As John Webb, Managing Director of Dennis Publishing, explained at Ignite London 2020 (a virtual event hosted by B2B Marketing), “only 27% of leads ever get contacted,” while 4 out of 5 leads never turn into any revenue. The problem here isn’t the quantity of leads, but lead quality and how marketers are following up and converting those leads (or failing to). The solution, says Webb, is clear: marketers should move away from a focus on lead gen and instead broaden their scope to embrace demand generation, using content, data, and AI to build a demand engine to stimulate more quality leads that convert to more revenues. How can marketers do this? Webb detailed a 5-step process in his presentation:
Step 1: Start by holistically understanding the B2B buyer’s journey
The B2B buyer’s journey is increasingly complex, including more touchpoints and stakeholders than ever before. Webb notes that “the B2B buying journey is 20% longer today than just 5 years ago,” which only adds to the challenges marketers face in navigating it. And as we referenced earlier, while lead quantity may be growing (aided by martech/automation), lead quality is not.
Marketers need to first map out their buyer’s full journey, then look for opportunities to move the customer forward in that journey through providing helpful information and insight. Demand generation is all about making it easier for customers to buy from you. Typically, helping customers comes first and the buying comes later in the journey.
Step 2: Understand that demand gen is a process, not a one-time event
Think of demand gen as a 4-step process: (1) understand what the customer’s goals; (2) engage and educate the customer so she can achieve her goals; (3) qualify the customer and convert (this is lead gen); and (4) amplify and strengthen the relationship over time. As Webb explains it, “marketers should be growing the demand across the buyer’s journey: it’s about the overall experience we’re giving them” and not just closing a lead. Whereas lead gen can feel transactional and short-term to customers, demand gen is relational and long-term.
Demand gen’s goal is to stimulate a sustainable number of quality leads. Marketers do so by helping customers make better buying decisions.
“With demand gen,” says Webb, “you’re continuously nurturing, educating and engaging the customer: demand gen is always-on, whereas lead gen is more off and on.”
Step 3: Create your demand gen engine
When you provide real value to customers in the form of helpful content, they return the favor by purchasing. Of course, marketers will need multiple channels to offer content to customers, including email newsletters, social media, ads, and more. “The goal of demand gen is to capture the customer’s permission and data,” says Webb, which enables marketers to plug that data into their martech stacks in order to drive efficiency and more personalize interactions. Marketing shouldn’t be done “to” customers, but “with” them.
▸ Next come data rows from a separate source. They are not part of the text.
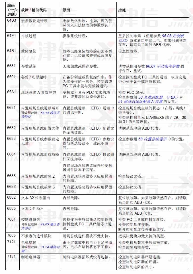 ABB ACS580變頻器故障代碼64B3,64E1,6581,6591,65A1,6681,6682,6683,6684,6685,6686,6882,6885,7081,7085,7121,7181
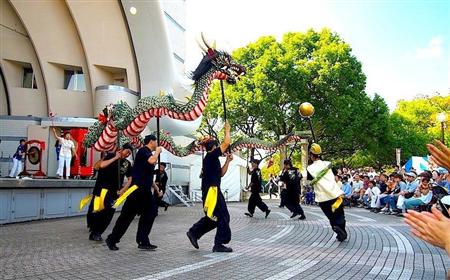 伝習所以外では「東龍倶楽部」を忘れてはいけません。長崎東高の在京OBが結成し、現在県外出身者も含め約50人。イベントやアイドルのコンサートで龍踊を披露しています。
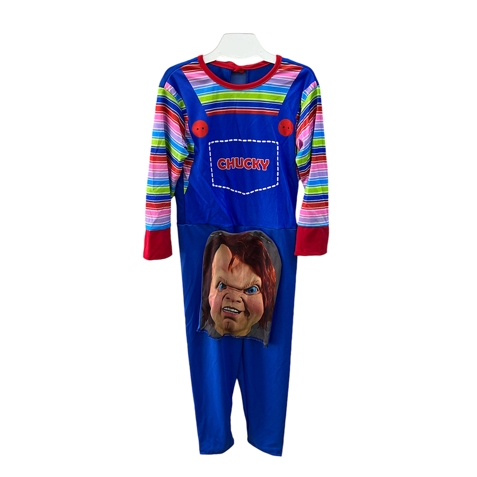 Disfraz de Chuky Muñeco Maldito con Máscara Halloween Medidas y talles aproximados: Talle: 1 (3 a 4 Años) Ancho: 30 cm Largo: 87 cm Talle: 2 (5 a 7 Años) Ancho: 34 cm Largo: 94 cm Talle: 3 (8 a 10 Años) Ancho: 36 cm Largo: 95 cm
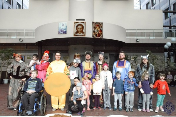 После спектакля детки и их родители с удовольствием фотографировались с героями, среди которых даже был Блин и ели блины, которые испекли прихожане нашего храма.
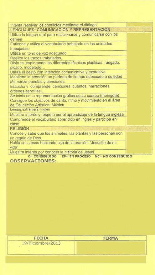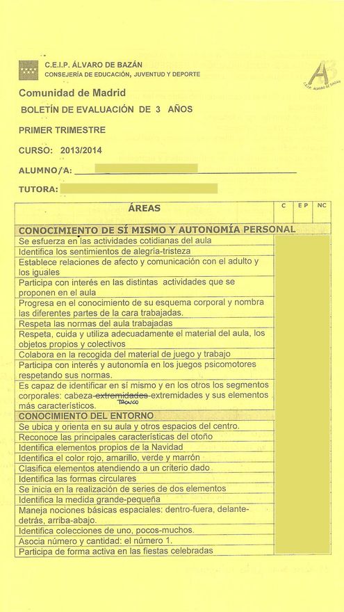 La directora del centro ha explicado a eldiario.es que los criterios de evaluación de Religión Católica los elaboran los profesores, y que están incluidos en el boletín de notas porque se trata de una asignatura de oferta obligatoria. En realidad Religión no es de oferta obligatoria en Infantil, aunque sí lo es en Primaria y ESO. Los docentes reciben su sueldo de las arcas públicas -con un coste que se calcula en 500 millones de euros al año-, pero el currículo de esta materia está establecido únicamente por la Conferencia Episcopal (CE).
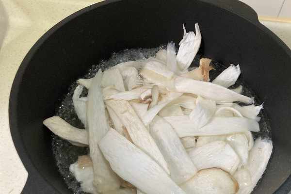 5.鍋中放入二碗水加二克鹽大火煮開,放入杏鮑菇焯水二分鐘並撈出瀝幹水分。
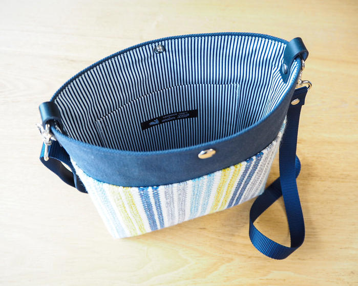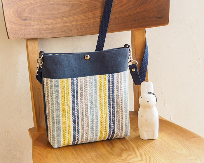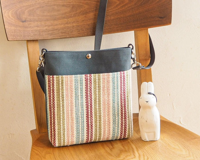 - 春のマルチボーダー柄の手織り布を使ったミニショルダーバッグ(マチ付きサコッシュ)です。大きなポケット付きで、お散歩用やサブバッグとしても手軽に使えるデザインです。
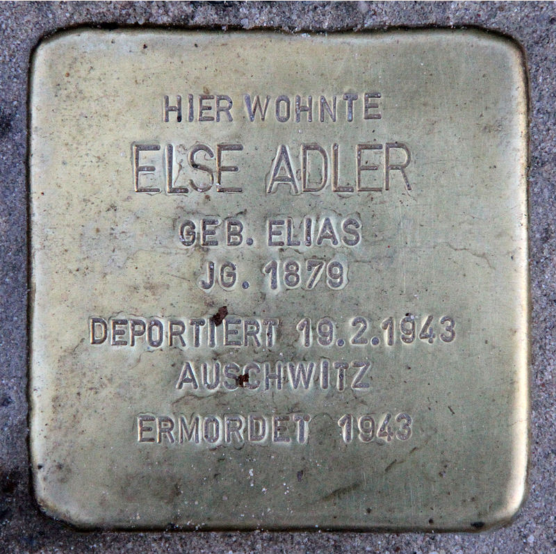 In der Wichmannstraße in Berlin-Tiergarten gibt es einen Stolperstein für Else Adler. Ihre beiden Enkel Shmuel und Reuven Merhav haben anlässlich der Verlegung dieses Stolpersteins eine berührende Rede gehalten, die HIER nachgelesen werden kann.
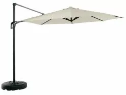Vattentålig, UV-skyddad polyesterduk och aluminiumstång. Med tiltfunktion, handvev och ventilation. Inkl. vattentåligt överdrag och fot. Ø300 x H245 cm
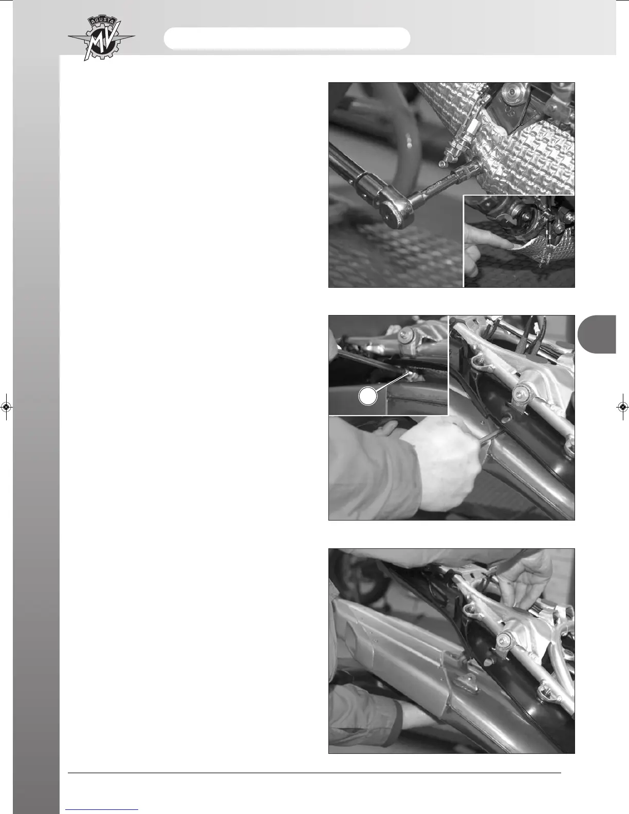 Lower the rear part of the silencer unit by removing the
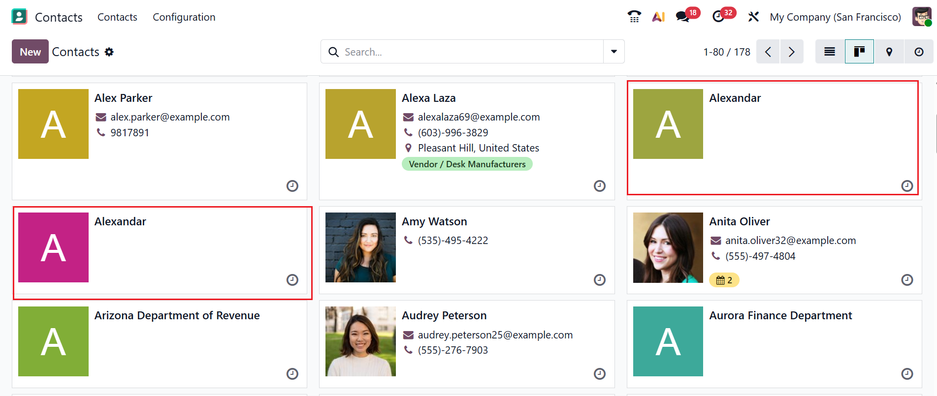 Let’s check the Deduplication Rules by combining two contacts. For that, create two contacts with the same name in the Odoo 19 Contacts module. Create two contacts named “Alexandar”, as shown in the screenshot.
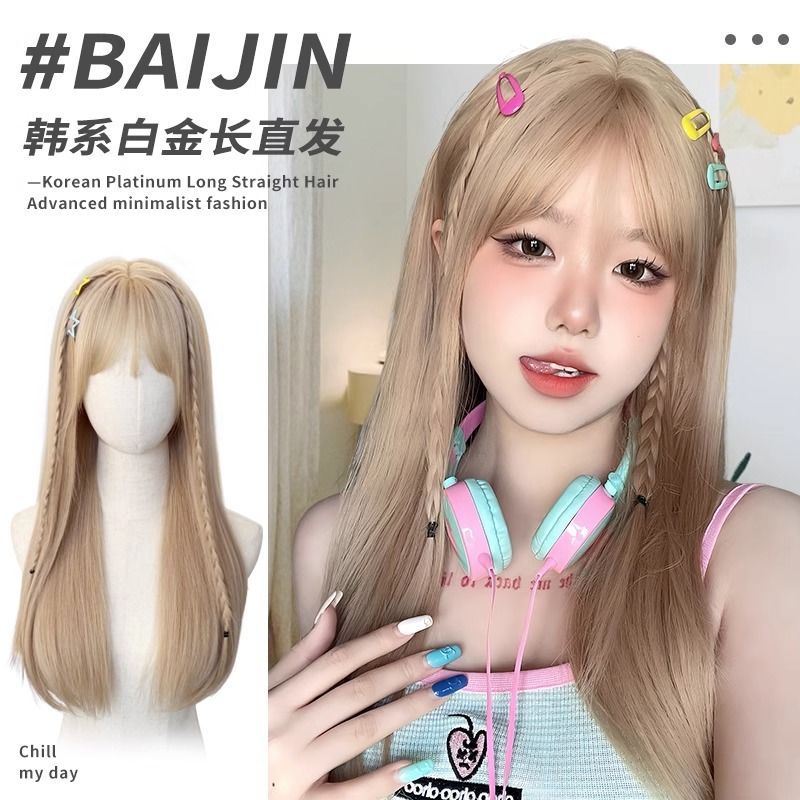 若蘭のかつらの女性の長い髪のファッションの自然なシミュレーションの髪の全頭セット式の韓国系のプラチナの長いまっすぐな髪の全体のかつらセット
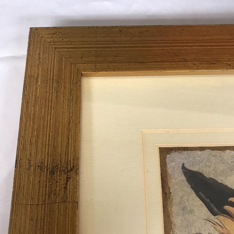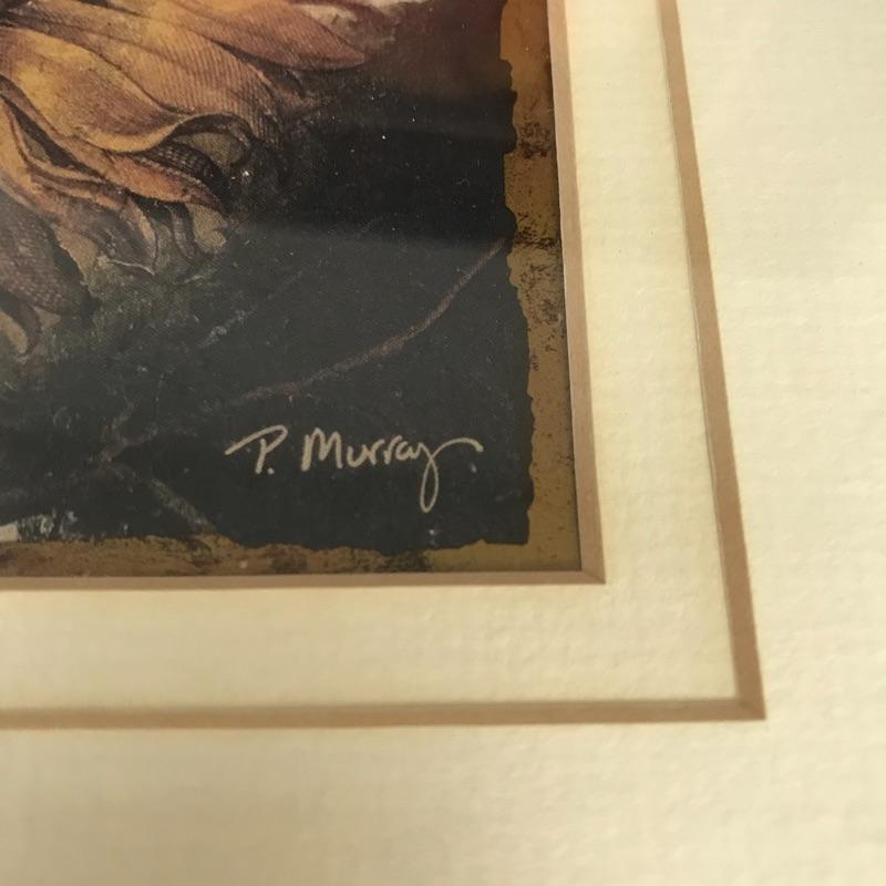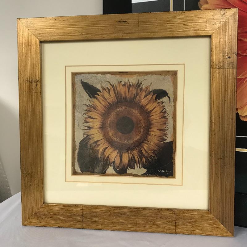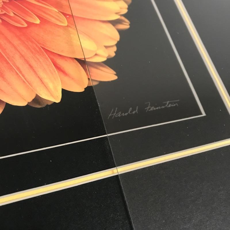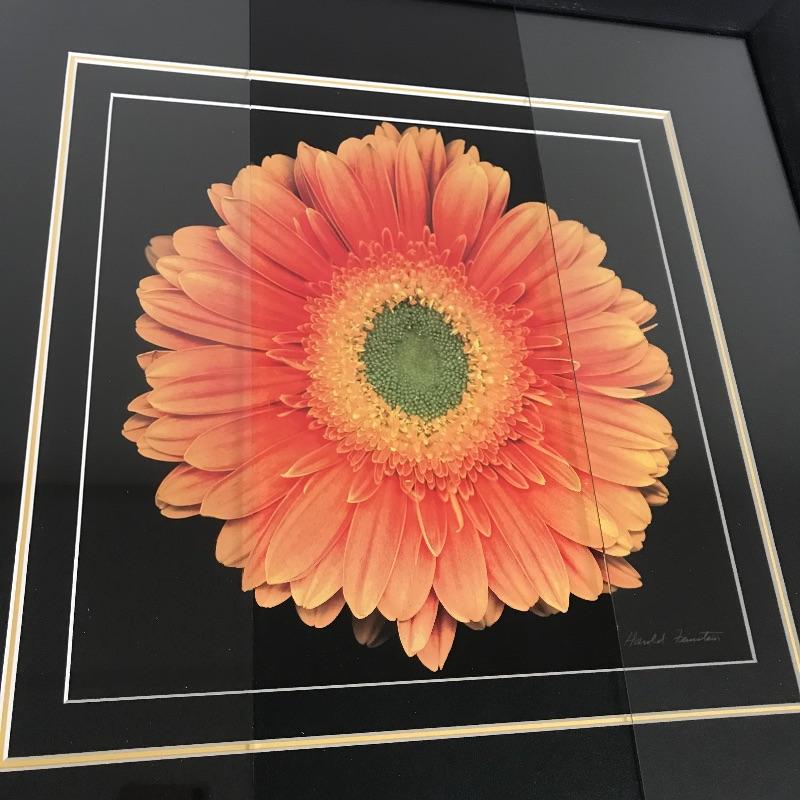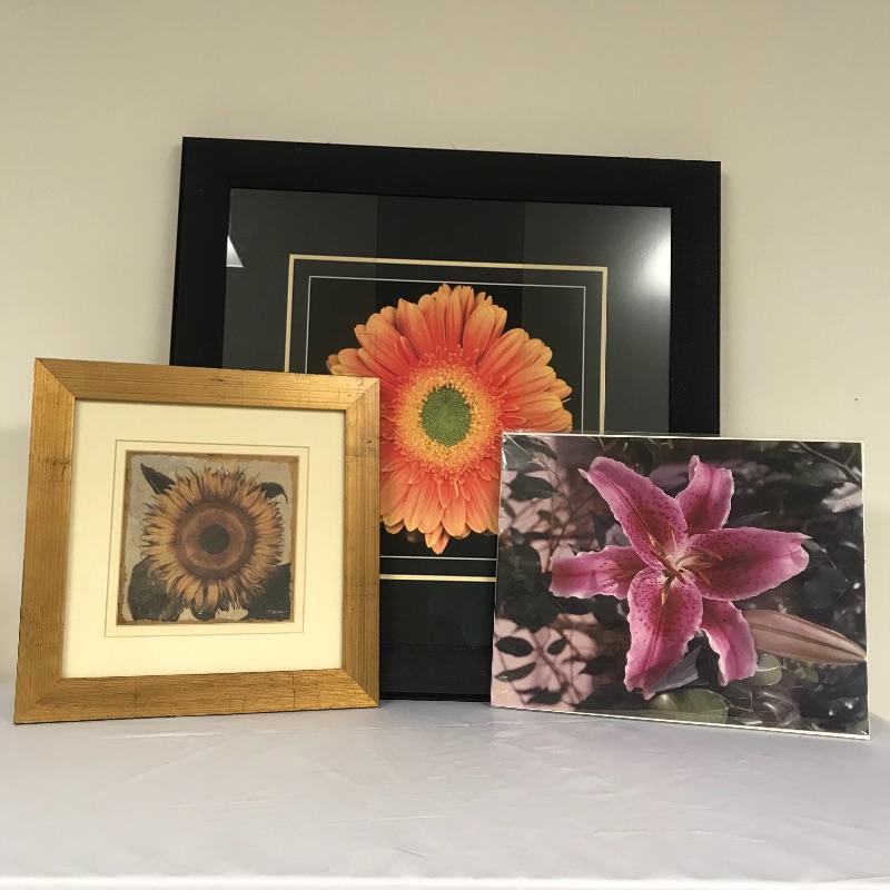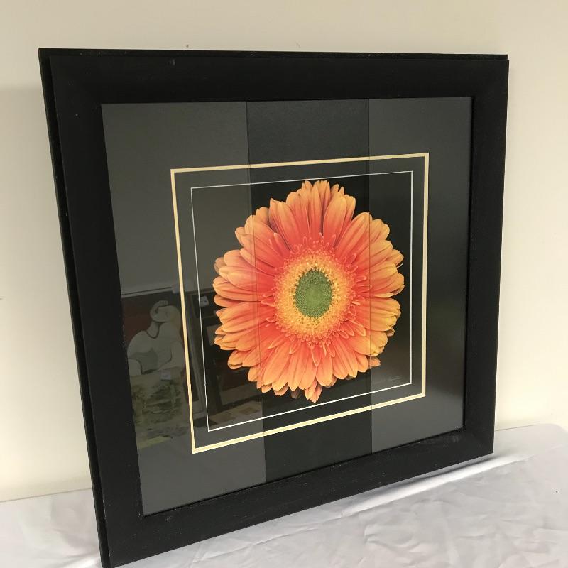 Three pieces of floral art. The Harold Feinstein signed large orange flower piece has a unique three panel glass in a man-made textured black frame. The middle panel appears to be low-glare while the outer two pieces with a higher gloss finish. Frame measures about 23.25”sq. Lot features a smaller gold painted wooden frame measuring 13”sq of a Sunflower by P. Murray. This art is matted and behind glass. Lastly, an unframed 11” x 14” photograph with artist David Koll information on a loose pamphlet in its protective plastic sleeve.
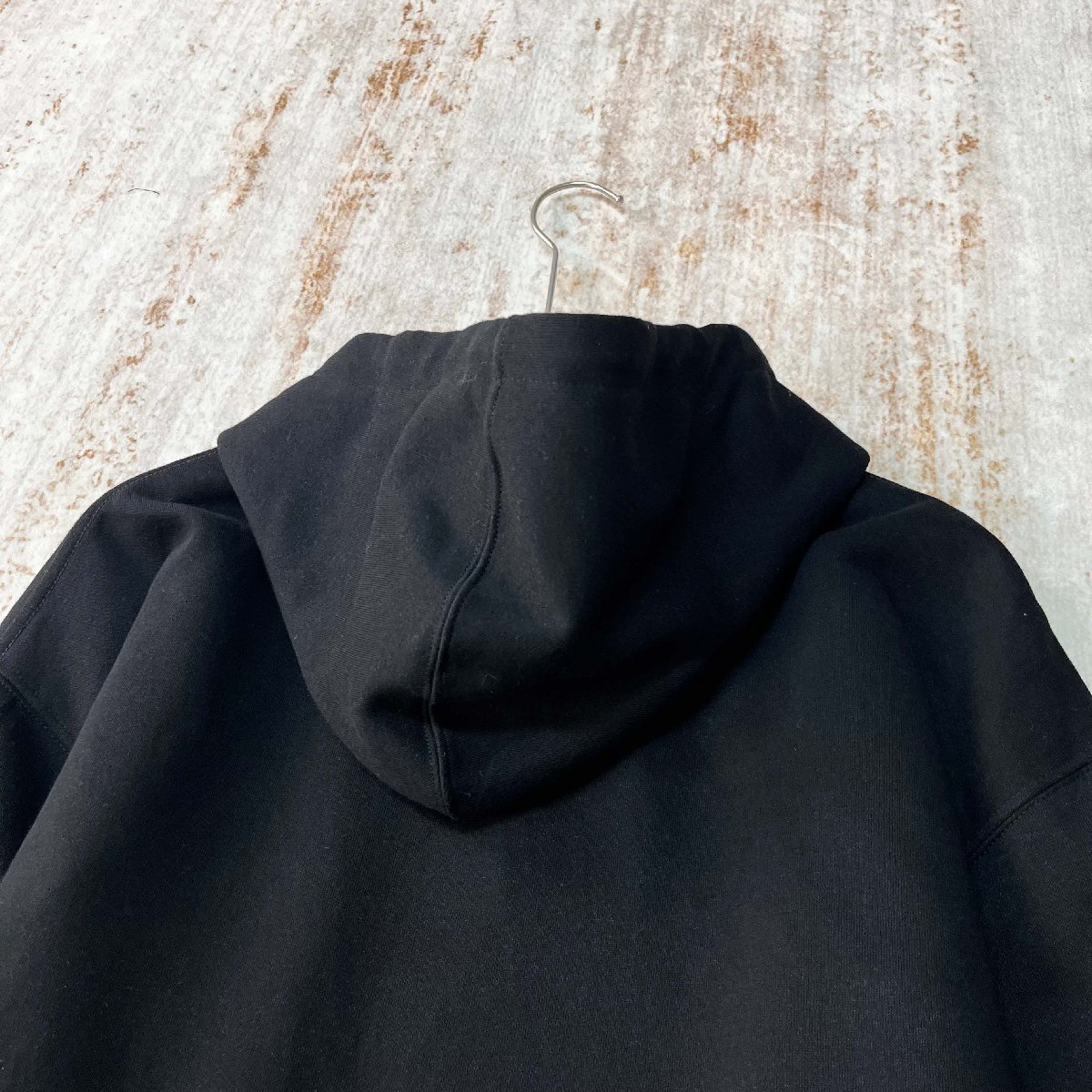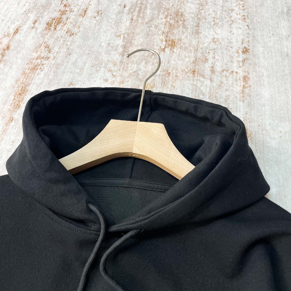 フードには調節可能な紐が付いており、風の強い日も安心。袖口はしっかりとしたリブ仕様で冷気の侵入を防ぎ、左胸前にはシンプルながら存在感のあるミニマルなプリントがアクセントに。大容量のカンガルーポケットは両手を暖めたり、小物を収納したりと便利なデザインです。
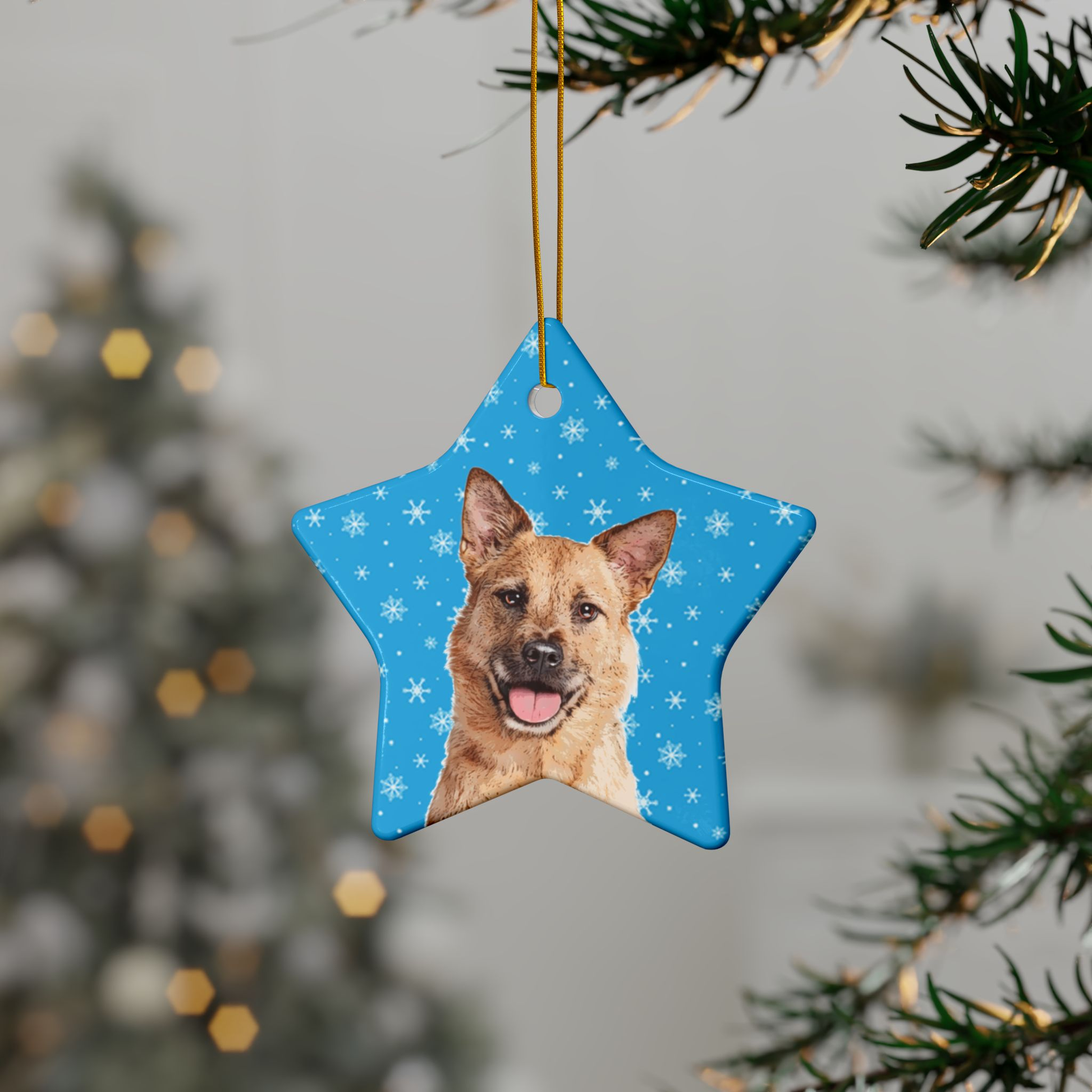 Add your dog's precious face to our fun double-sided Holiday Ornaments!

Increasingly, the B2B buyer’s journey is digital. In fact, notes Webb, “67% of B2B journeys are now happening digitally.” So marketers need to nurture digitally too, because “96% of your website visitors aren’t ready to buy immediately,” notes Webb. They are seeking information and insight to help them buy, which marketers must provide via content to move the journey forward.
Step 4: Leverage the right content to stimulate demand
Think of content as a guide helping your customers move forward in their buying decision. Web recommends that marketers “help customers understand the problem they’re seeking to solve; educate them on how they can approach solving the problem; and support them in their decision about how to solve the problem.”
Content must combine empathy — a clear understanding of customer pain points — with a positive, solutions-oriented approach to providing help. Content must also be tailored to where the customer happens to be in their buying journey: one size doesn’t fit all customers and touchpoints.
Step 5: Learn and apply lessons from your data to inform content
Data, especially a data-enabled examination of historical patterns of customer behavior, can empower marketers in multiple ways:
- Deploy data to create customer profiles and segments to better target content.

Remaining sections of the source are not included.